[Start of Attachment]

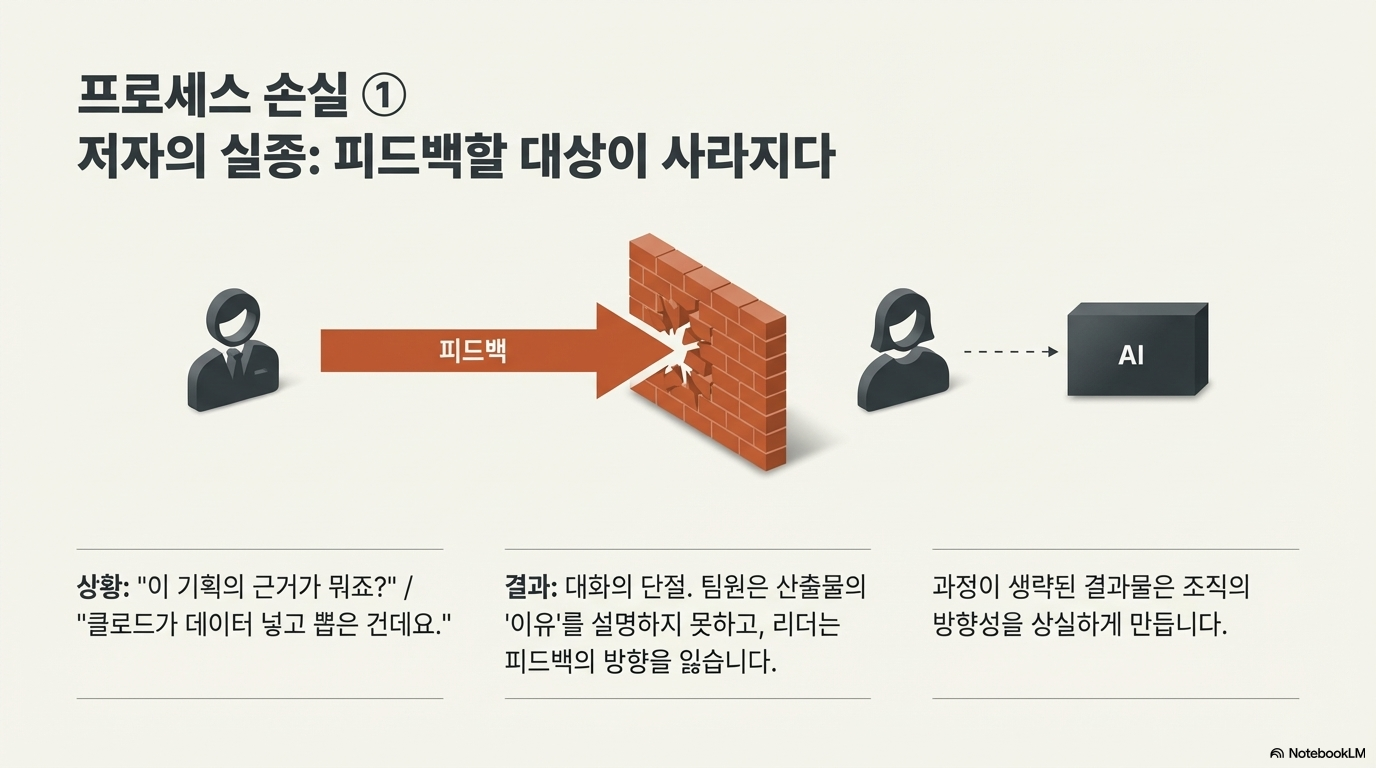 '잠재 성과'는 팀원 개개인이 낼 수 있는 최대 역량의 합입니다. AI는 개인이 PM, 분석가, 개발자의 역할을 동시에 수행하게 함으로써 이 잠재 성과를 비약적으로 높여놓았습니다. 하지만 문제는 '프로세스 손실' 역시 그만큼 커졌다는 점입니다. 소스 컨텍스트에 따르면, AI 도입 이후 팀 내에서는 세 가지 형태의 손실이 두드러집니다.
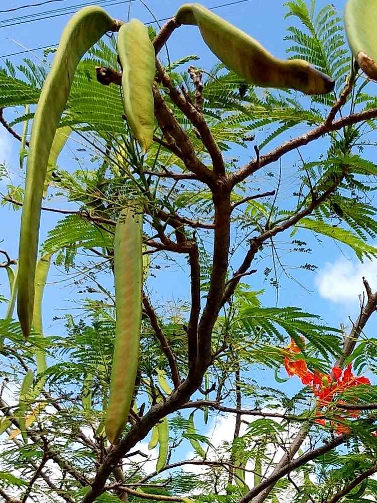 ショッピングセンターの横の火炎樹!この前の台風でボロボロになっていたのに、こんなに回復して、豆まで出来ていましたー❤
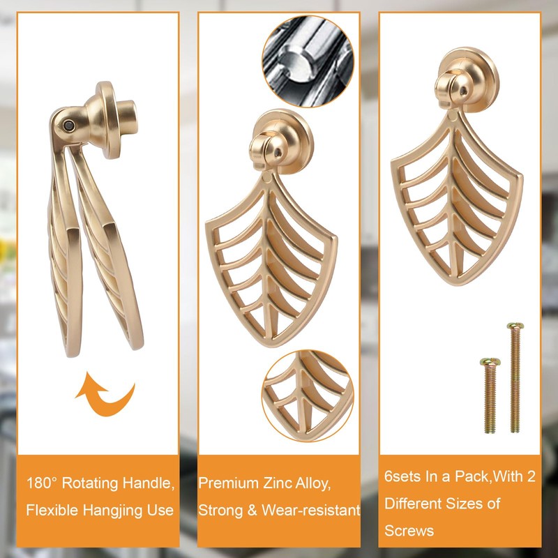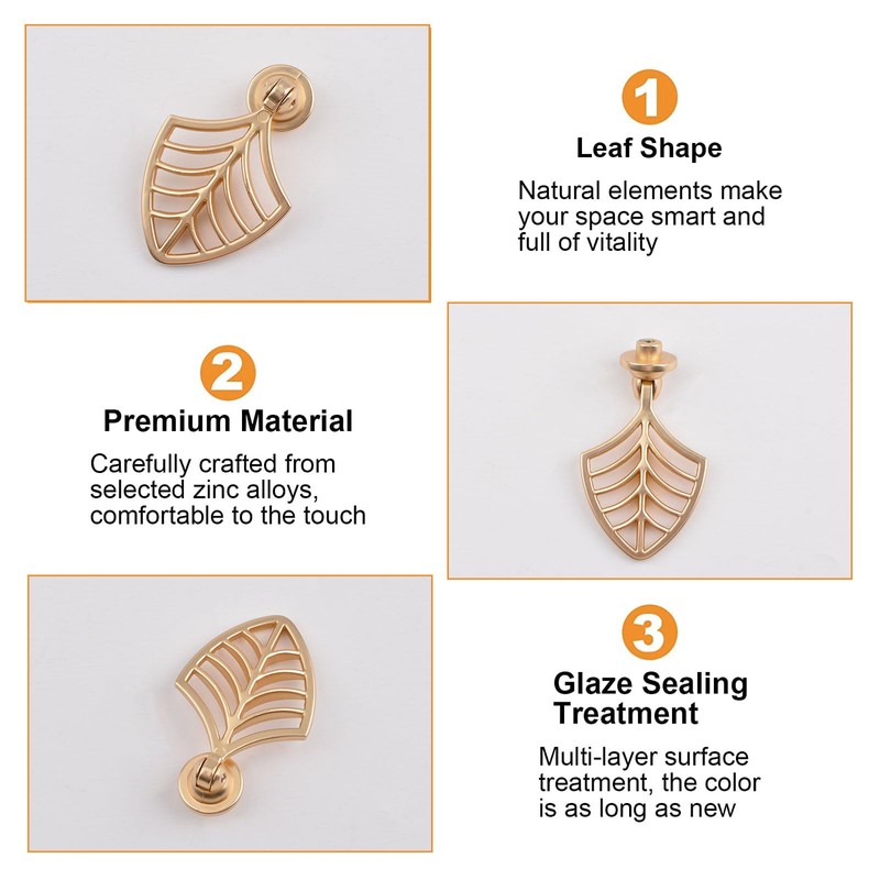 These leaf-shaped knob handles are made of zinc alloy, can be used for all kinds of decoration styles and are easy to install.
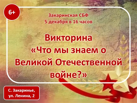 05 декабря в 16-00 Закаринская СБФ Приглашает на викторину.
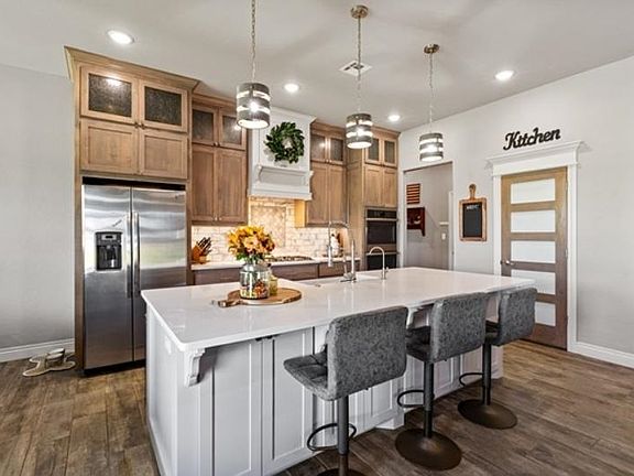 Stunning! This home is truly stunning! From the curb appeal to the front porch, to the gourmet kitchen, to oversized closets to gas fireplace with temperature controlled remote and gorgeous stacked stone, to unique fans with both wall switch operation and remote control in the living room, to 2.5 modern baths to the large patio it is just stunning! The finishes are upgraded, the tubs are deep soakers, the primary shower is oversized, there are two closets in the primary bedroom, a large laundry room, and the light fixtures are gorgeous... You really need to tour this home to appreciate it's beauty. This home has 4 true bedrooms plus an office. The living-dining-kitchen is an open concept with recessed lighting, double tray ceiling, large kitchen island with a farm sink, a nice-sized pantry, a 5-burner gas cook top, double ovens, built-in microwave, pot filler over the cooktop, accent lighting in the upper cabinets, under-cabinet lighting and wood-plank ceramic tile flooring. The primary suite is spacious with upgraded carpet and padding, upgraded closets with multiple built-in shelving and drawers, double sinks with white quartz counter tops, an whirlpool tub and an oversized walk-in shower. There are also custom heavy blinds on all the low-e windows The home is prewired with HDMI and speaker cable to central closet space with ceiling speakers in the open living-dining-kitchen area, primary suite, 3-car garage, and back patio with wall-mounted volume control in each area. There is also Wi-Fi network hardware, 2.0 and 5.0, from a central hub to repeaters in both the North and South hallways as well as a Wi-Fi garage door opener, a security system with window, door, motion, and glass-break sensors for notification chimes as well as alarm. As if the home didn't have enough interior amenities, the outside features programmable exterior lighting, well-loved landscape beds, a covered porch on the front, a large covered patio on the back as well as an extended uncovered patio and a paved walking path to take out the trash from the back porch patio, around the house to the fence-hidden bins near the driveway. This home also features some other wonderful amenities such as a whole-home water softener system, reverse osmosis drinking water system, propane gas outlet on the back porch for grill, griddle or heater connection, and a double-up-fit garbage disposal . This property is so amazing and sits on a 1 acre lot in the Cache School District yet is only a 7 minute drive from the shopping that includes Target, Academy Sports, TJ Maxx, Burlington Coat Factory, Bath & Body Works, The Buckle, Old Navy and more! Call Kim Thomas today for your tour of this stunning home, 580-704-9916.
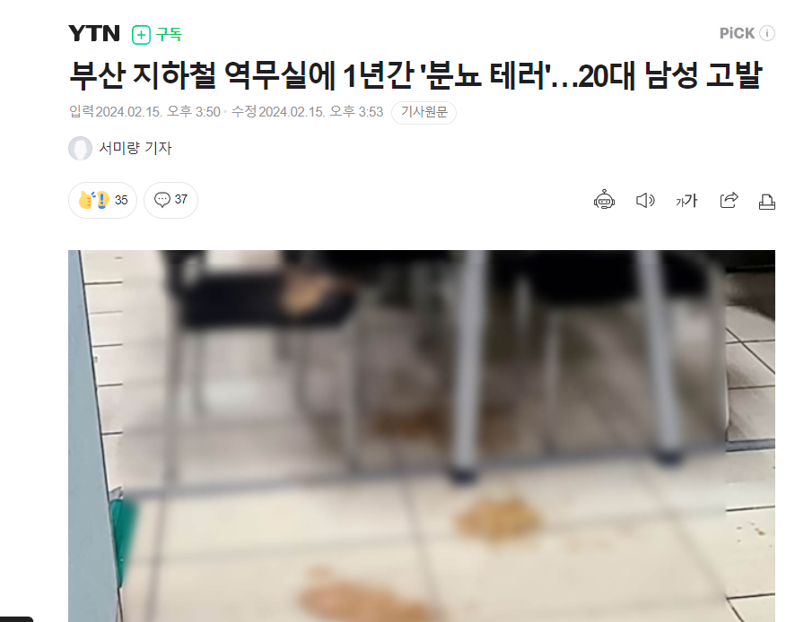 釜山地下鉄の駅務室に1年間「糞尿テロ」···20代男性告発
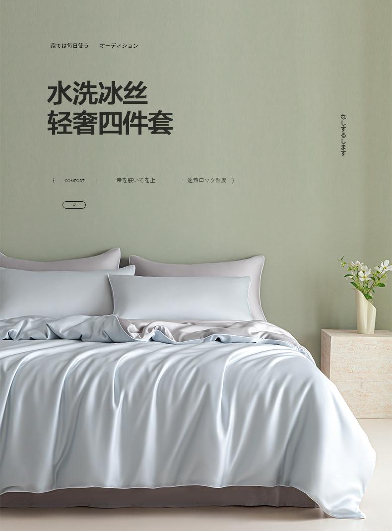 当前位置: 91家纺网 > 商品网购 > 床品套件 > 四件套 > 其它四件套 > 缦绣阁家纺 2026新款夏季轻奢水洗仿真丝四件套凉感丝床单被套纯色冰丝床笠双人三件套 麻绳款-碧湖兰+灰
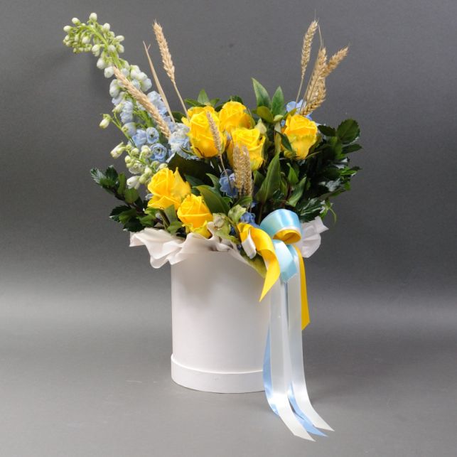 The "Greetings from Ukraine" composition from Camellia is a wonderful way to express your feelings and wish good to your loved ones. In our stylish "Ukraine" box, you will find spray roses Luna Trendsetter and Penny Lane, triticum, delphinium, and helleborus. This composition will not only add special charm to your greetings but will also delight with its freshness and beauty for a long time. Purchasing the "Greetings from Ukraine" composition at Camellia, you will receive high-quality flowers and guaranteed satisfaction from your purchase.

[End of Attachment]

The lines from the beginning of the listing above through the line holding "05 декабря в" are to be duplicated exactly, and the pictures omitted.

 '잠재 성과'는 팀원 개개인이 낼 수 있는 최대 역량의 합입니다. AI는 개인이 PM, 분석가, 개발자의 역할을 동시에 수행하게 함으로써 이 잠재 성과를 비약적으로 높여놓았습니다. 하지만 문제는 '프로세스 손실' 역시 그만큼 커졌다는 점입니다. 소스 컨텍스트에 따르면, AI 도입 이후 팀 내에서는 세 가지 형태의 손실이 두드러집니다.
 ショッピングセンターの横の火炎樹!この前の台風でボロボロになっていたのに、こんなに回復して、豆まで出来ていましたー❤
 These leaf-shaped knob handles are made of zinc alloy, can be used for all kinds of decoration styles and are easy to install.
 05 декабря в 16-00 Закаринская СБФ Приглашает на викторину.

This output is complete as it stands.